Exercise data below:

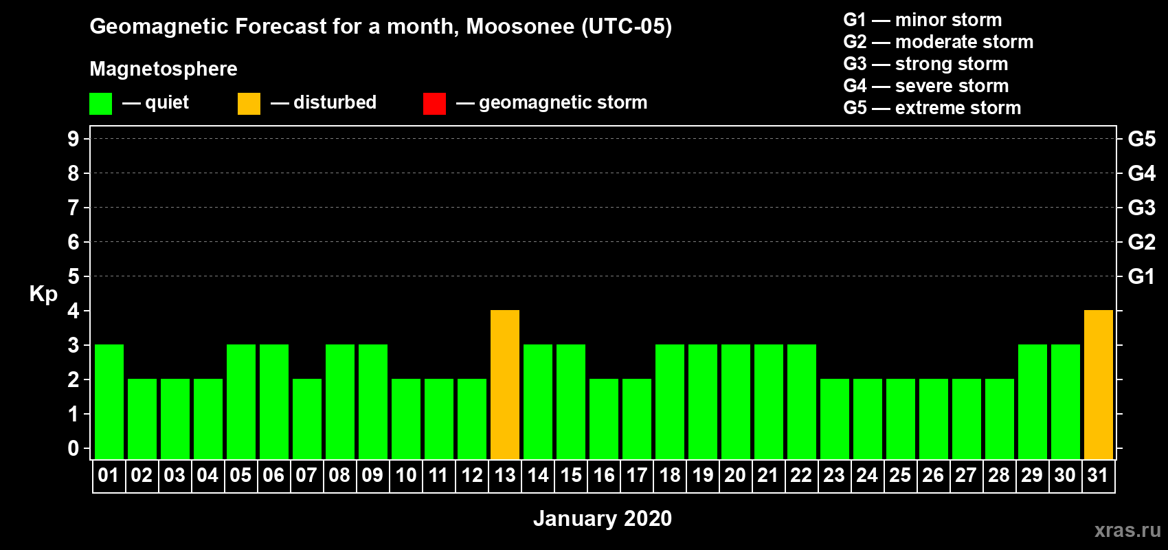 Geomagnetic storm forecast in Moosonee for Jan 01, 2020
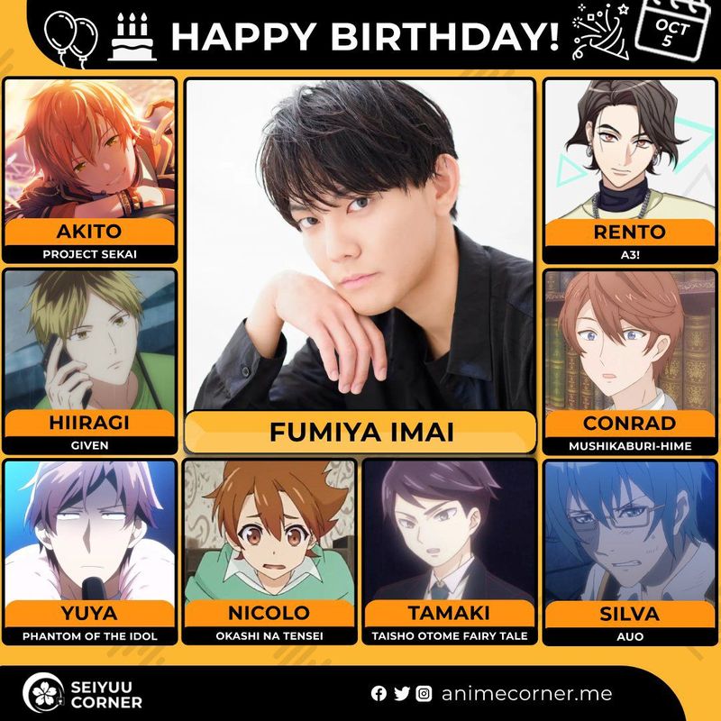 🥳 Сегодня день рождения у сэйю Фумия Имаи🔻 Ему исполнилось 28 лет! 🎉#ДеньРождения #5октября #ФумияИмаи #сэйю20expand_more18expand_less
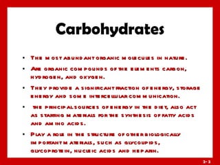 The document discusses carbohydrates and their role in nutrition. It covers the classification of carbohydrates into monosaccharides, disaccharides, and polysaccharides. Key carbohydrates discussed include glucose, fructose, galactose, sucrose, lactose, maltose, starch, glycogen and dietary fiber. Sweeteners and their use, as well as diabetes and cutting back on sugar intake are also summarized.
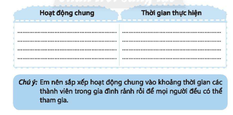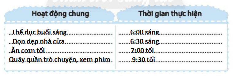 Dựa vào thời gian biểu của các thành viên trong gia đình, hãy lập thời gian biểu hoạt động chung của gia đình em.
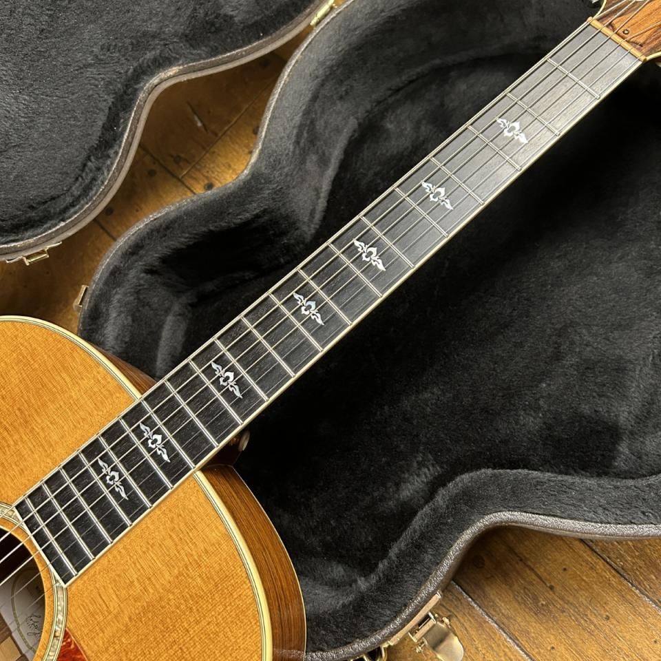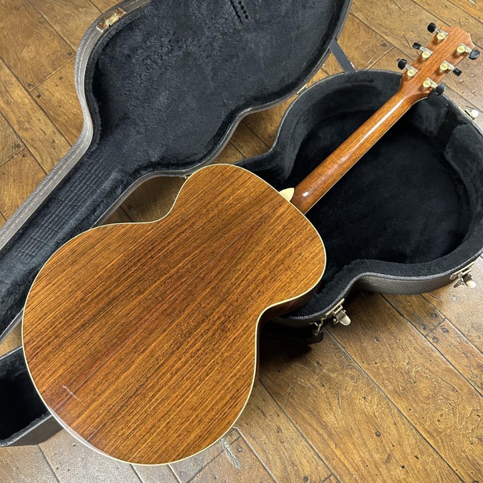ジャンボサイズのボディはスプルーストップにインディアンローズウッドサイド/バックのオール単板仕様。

End of Exercise data.
Exercise data below:

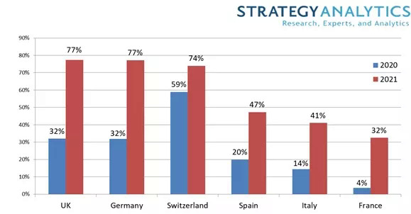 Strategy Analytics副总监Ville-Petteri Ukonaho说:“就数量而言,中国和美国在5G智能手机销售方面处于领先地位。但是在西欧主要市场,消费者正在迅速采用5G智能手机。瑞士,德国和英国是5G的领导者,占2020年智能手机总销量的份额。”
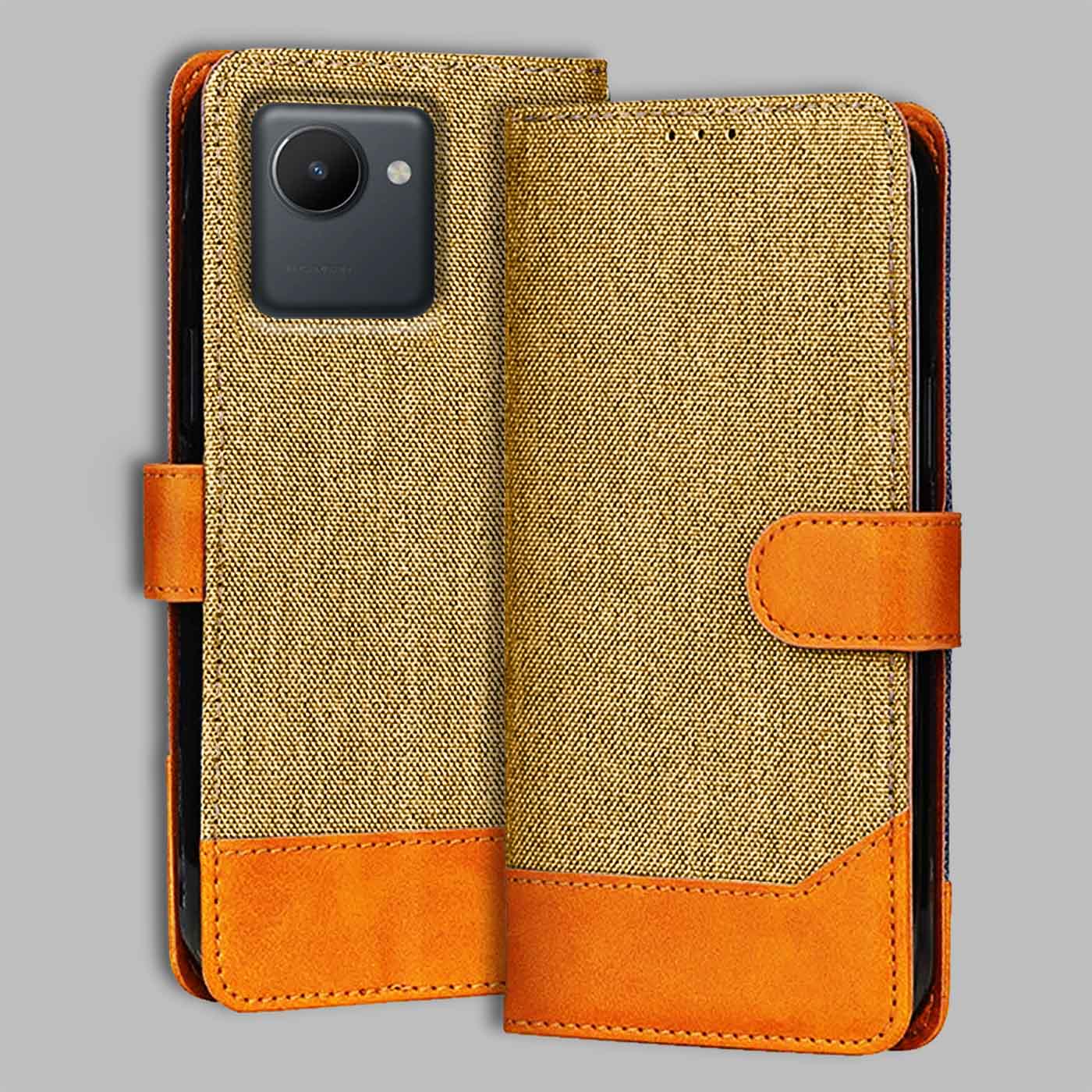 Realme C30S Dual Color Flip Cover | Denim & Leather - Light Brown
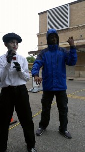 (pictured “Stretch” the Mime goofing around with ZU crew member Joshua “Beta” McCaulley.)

End of Exercise data.

**Work to be completed**
Write out word for word the lines above that run from the one with "Realme C30S Dual" to the one with "the Mime goofing". Include both end lines; exclude the images.

**Solution to the problem**
 Realme C30S Dual Color Flip Cover | Denim & Leather - Light Brown
 (pictured “Stretch” the Mime goofing around with ZU crew member Joshua “Beta” McCaulley.)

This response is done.